Она молчит и слушает, когда он хочет говорить.

Она напевает ему мелодии и сочиняет истории, когда он хочет слушать.

Она греется в лучах его солнца, живёт в том мире, что он создаёт вокруг себя: в мире слепящего света и чернейших теней, острых граней и непримиримых противоречий, великолепия и торжества, громких фанфар и нескончаемого веселья. И только для неё в этом бурном, бушующем, огненном океане контрастов отведён островок мягких бликов и негромких напевов, нежного, согревающего огня и полёта воображения, уносящего далеко за пределы видимой вселенной.

Меттатон бывает без остатка поглощён собой, он может даже не услышать её, не думать о ней, но если Фриск исчезнет, он обязательно это почувствует.

Она знает, насколько он бывает одинок в своем великолепии, как похож на звезду, влекомую по предначертанной орбите к затмению и пустоте. Знает, как одинок он бывает в своём мире, в котором есть лишь он, она и безликая толпа — многоголосая, жадная, восторженная, наделяющая его силой — но и иссушающая до дна.

Да, он может забыть о Фриск, как и о себе самом, усталый и злой оттого, что не способен выполнить задуманное, истощённый и напуганный собственным бессилием, ненавидящий и отчаявшийся.
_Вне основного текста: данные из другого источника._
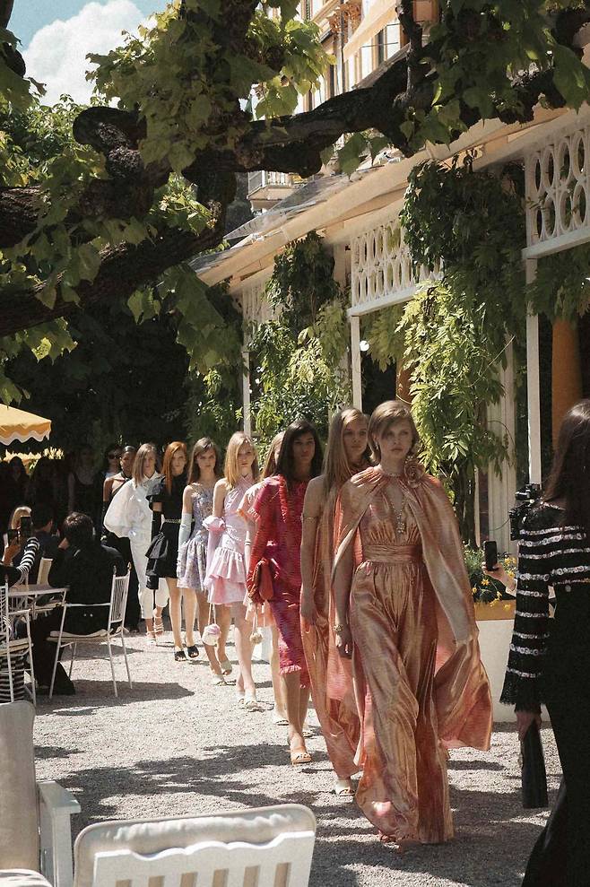 Chanel Villa d’Este 빌라 데스테, 코모 샤넬의 무대는 이탈리아 코모 호수에 자리한 16세기 건축물인 빌라 데스테다. 이곳은 수많은 유명 인사와 예술가, 영화배우들이 즐겨 찾는 궁전형 호텔. 신비로운 물빛과 아름다운 산릉선을 배경으로 햇살이 드리우는 풍경은 도심에서 멀리 떨어지지 않은 근교를 찾는 이들에게 가장 쉽게 호사를 즐길 수 있는 옵션이기도 하다. 이런 장소성이 반영된 듯 샤넬 크리에이션 스튜디오는 실용성과 여유에 기반한 리조트 룩을 줄 세웠다. 초경량 트위드, 스트라이프 니트, 이브닝 파자마 등 한층 짧고 가벼워진 룩들은 연말 호캉스를 그리는 모두에게 휴식 모드를 선사하는 완벽한 선택지처럼 보인다. 올드 할리우드 글램을 연상케 하는 오페라 글러브와 블랙 선글라스, 진주 목걸이로 스타일을 마무리하며 샤넬 특유의 한 끗을 더했다.
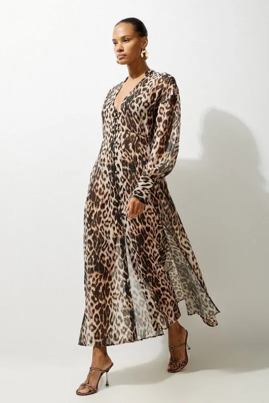Feel holiday ready in our maxi dress, made in viscose fabric, with a fierce leopard print, and a relaxed silhouette ideal for throwing over your bikini after a long day by the pool. The long sleeves block out the evening breeze, while the leg split design is certain to catch eyes. Style it with sandals for a look ideal for upcoming hot days and holidays.Printed Viscose Maxi Beach DressHigh Quality Viscose FabricFlattering, Relaxed SilhouetteBold Leopard Print DesignStatement Maxi LengthPlunging V NecklineDramatic Thigh High Leg SplitLong SleevesDetails & Care100% cotton. Gentle machine wash at 30 with similar colours. Model wears size s. model height 5″9. Centre back length of a size 10: 110cm
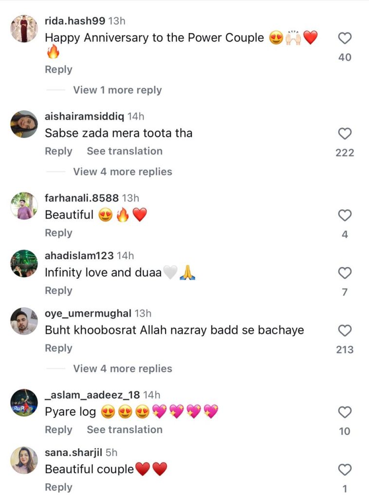 ان کی اس پوسٹ کو مداحوں کی جانب سے بھرپور پذیرائی حاصل ہوئی، جہاں سوشل میڈیا صارفین اور شوبز شخصیات نے جوڑے کو مبارکباد پیش کرتے ہوئے ان کے مضبوط اور خوشگوار رشتے کو سراہا۔ مختلف صارفین نے نیک خواہشات کا اظہار کرتے ہوئے ان کی ازدواجی زندگی کے لیے دعائیں بھی کیں۔
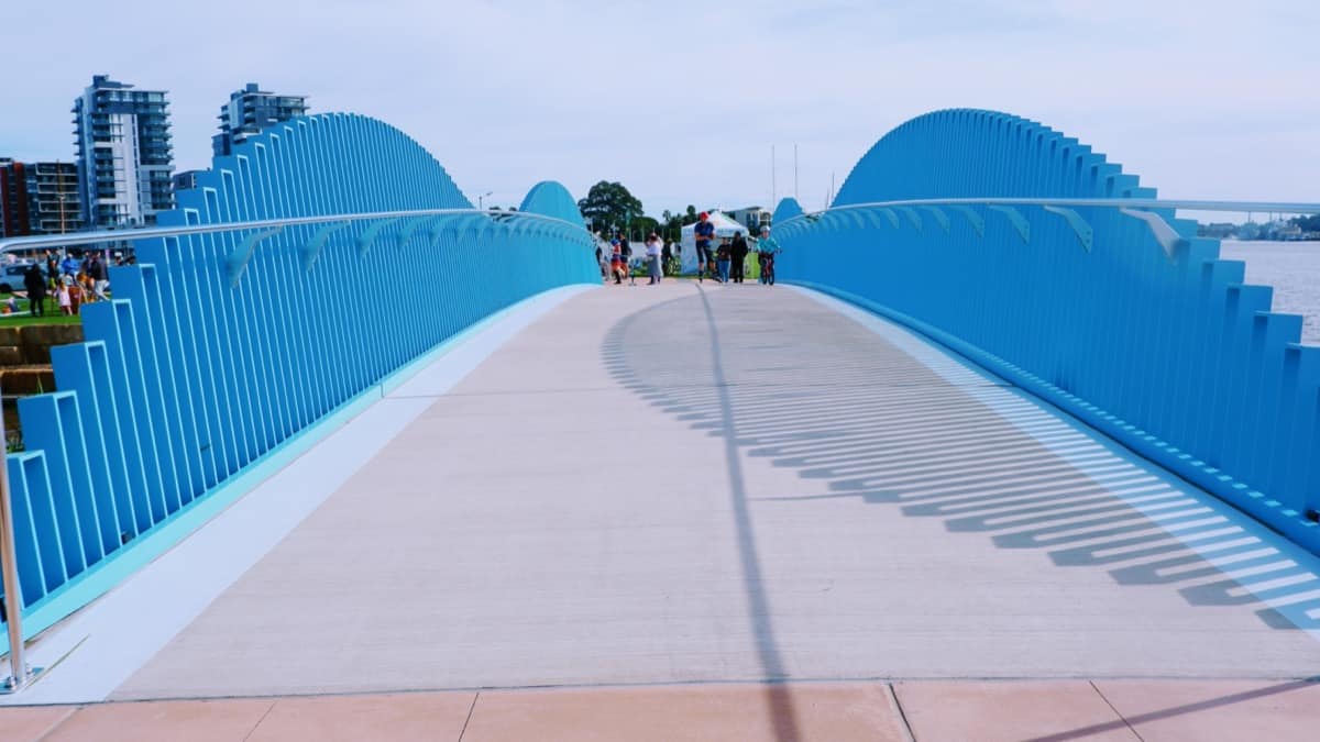Venture along the new waterfront promenade at Honeysuckle and walk across the new Cottage Creek bridge
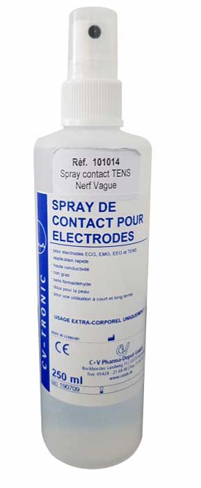 Mentions obligatoires Dénomination : Spray de contact TENS pour électrode auriculaire Destination : Pour électrode auriculaire de stimulation du nerf vagueFabricant : Schwa MedicoInstructions : Lire attentivement la notice Ce dispositif médical est un produit de santé réglementé qui porte, au titre de cette réglementation, le marquage CE.
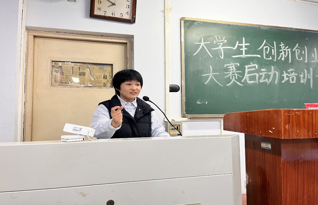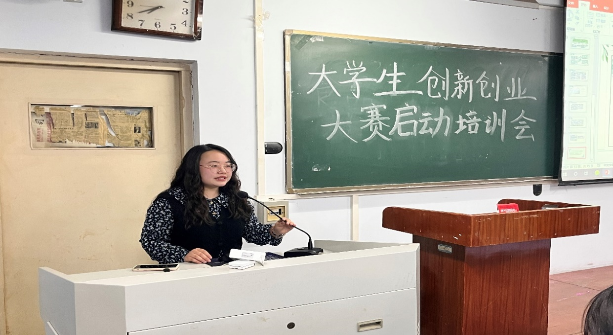 于文化路校区工程楼102开展大学生创新创业大赛启动培训会。本次培训会由19级优秀学生代表朱亚威、梁梦莹主讲,黄漫
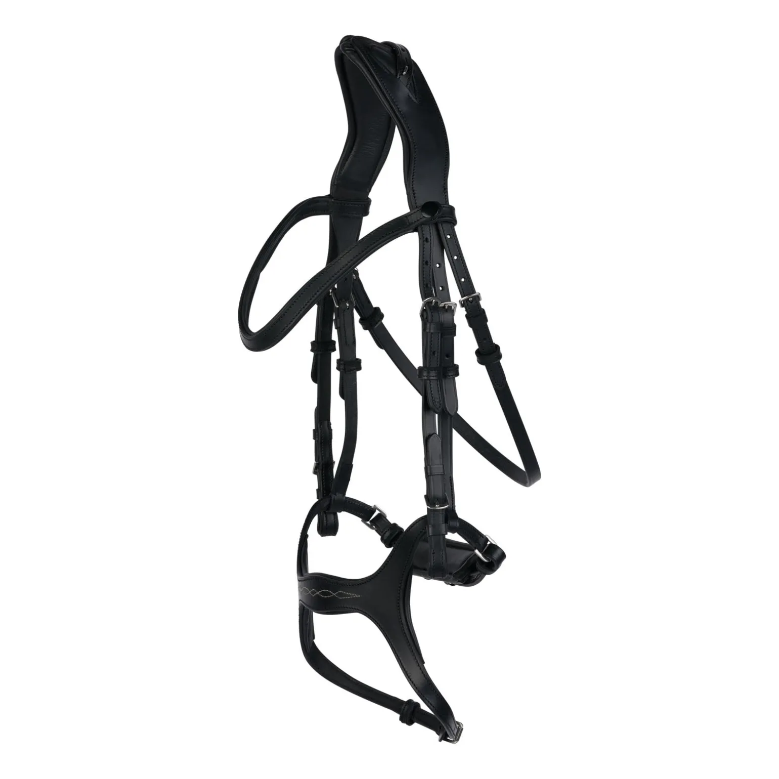 Die Horze Peckham Trense ist mit einer anatomisch geformten Genickpartie ausgestattet, um Reibung zu vermeiden, und zusätzlich an Nase, Genick und Stirnriemen für extra Komfort gepolstert. Das glatte Leder liegt weich auf. Der U-förmige Stirnriemen kann durch Druckknöpfe leicht ausgetauscht werden, und die detaillierte Bestickung auf der Nase ist ein elegantes Detail. Metallbeschläge passen gut zu dem schwarzen oder braunen Leder.
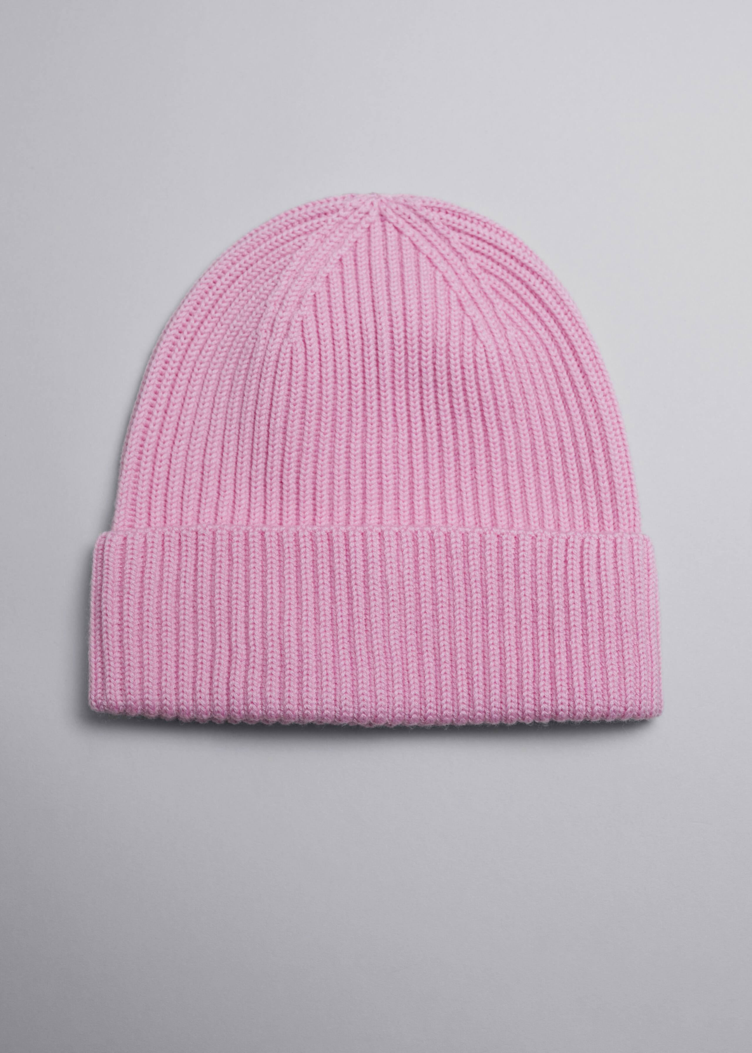 Beanie knitted in a full cardigan stitch with an exaggerated two-tone relief, crafted from soft wool. Styled with an 8.5 cm fold-up.
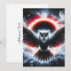 Magnífica coruja estendendo suas asas sob um eclipse celestial brilhante.
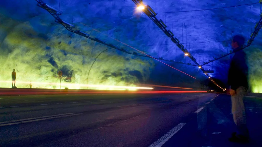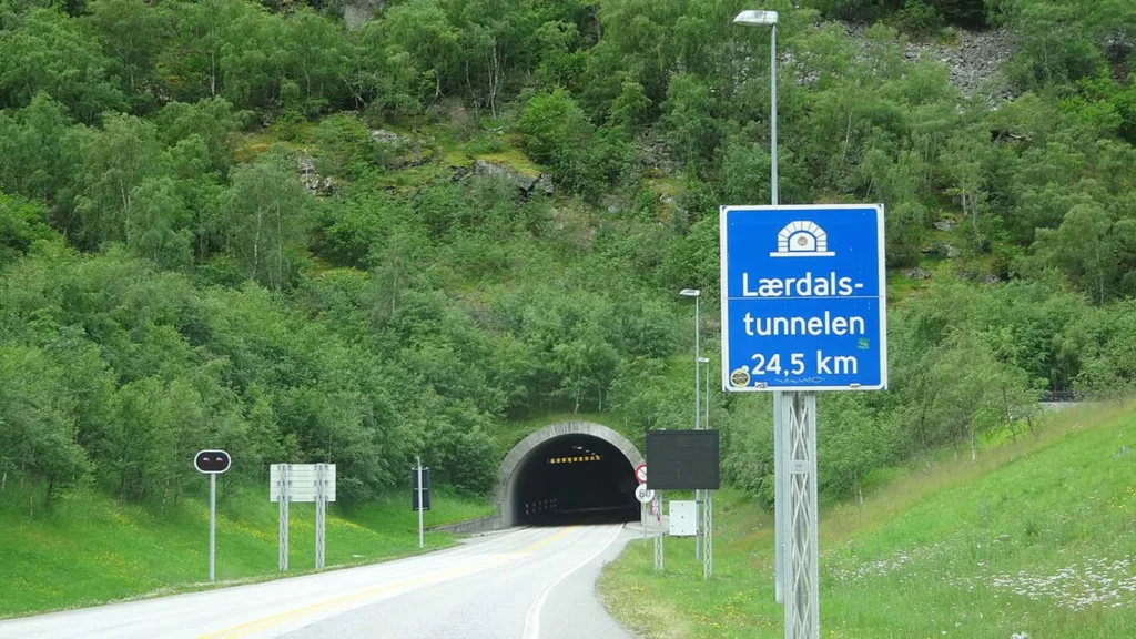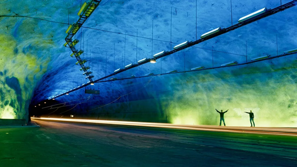 Världens längsta vägtunnel ligger i Norge. Den heter Laerdalstunneln och lockar turister från hela världen. Man kör in i tunneln från ett idylliskt nordiskt landskap och möts av bergets karga insida. Sedan följer mängder med kilometer under ett bergsmassiv som reser sig 1400 meter upp mot himlen.
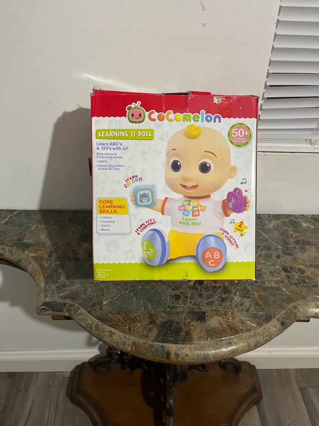 60I'm selling a CoComelon Learning JJ Doll! It helps your little one learn letters, numbers, colors, and music. It also sings along to fun songs! This doll teaches ABCs, shapes, numbers, shoulders, knees, and toes. It has 50+ learning sounds and phrases. The box is included!
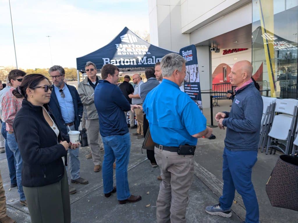 Project managers with Sheridan Construction and Barton Malow vetted dozens of prospective vendors and subcontractors outside the Coliseum Tuesday morning.
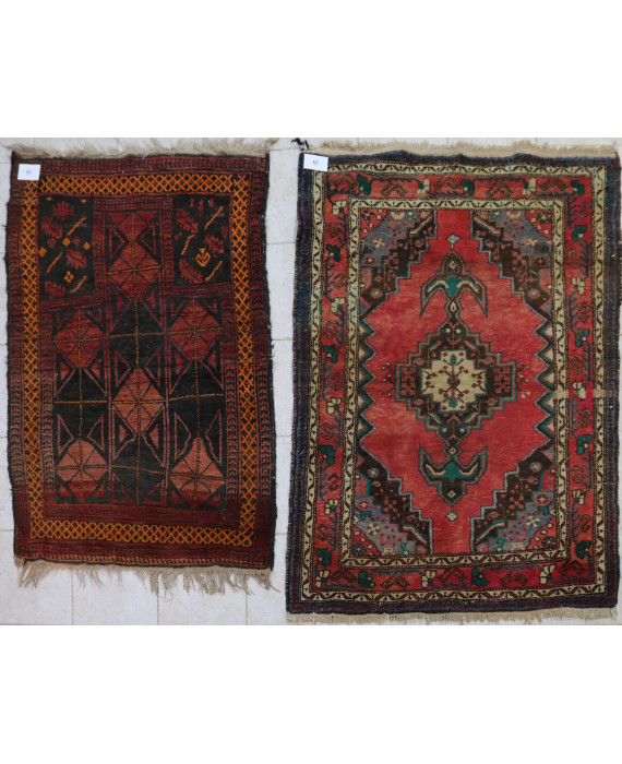 Lotto di due tappeti: un Beluchi ad ornati geometrici ed un Hamadan ad ornati floreali. cm130x92/145x110 (usure ad uno)

Он может забыть, но она о нём — ни за что не забудет.

Сейчас он тлеет, угольки отбрасывают последние блики, прежде чем мир погрузится в ночь.

Темнота пугает Фриск болью и отчуждением. Ночь приходит за опущенным занавесом, когда гаснут огни рампы, вне поля зрения толпы, когда её тёплый уютный пятачок солнца в его мире остывает, продуваемый ледяными ветрами.

Но Фриск бережно собирает угли и ждёт рассвета, вооружившись верой. Она знает, что иначе нельзя. Она не оставит свою звезду одну в холодном космосе, не позволит небесным штормам унести последние искры, а черноте поглотить то, что останется.

Она сильная, потому что не отступает под натиском его жестокой и безжалостной тьмы, не знающей любви и сострадания.

Меттатон — сильнее, хотя и не догадывается об этом. Потому что следом за кромешной ночью обязательно наступает утро. Потому что пламя, пожравшее его до тла и погасшее, само вдыхает в него жизнь, возвращая силы. Потому что он умудряется с каждым рассветом оставаться собой — с обнажённым сердцем, не знающим компромиссов, открытым и сверкающим, оставаться тем, в кого она была влюблена ещё ребенком, прилипнув к экрану телевизора, тем, кто готов был пожертвовать всем во имя идеального представления — и кто принял её, такую потерянную, такую обычную, и позволил стать частью этого сверкающего огненного безумия, которое сделало её счастливее. Кто стал её семьёй.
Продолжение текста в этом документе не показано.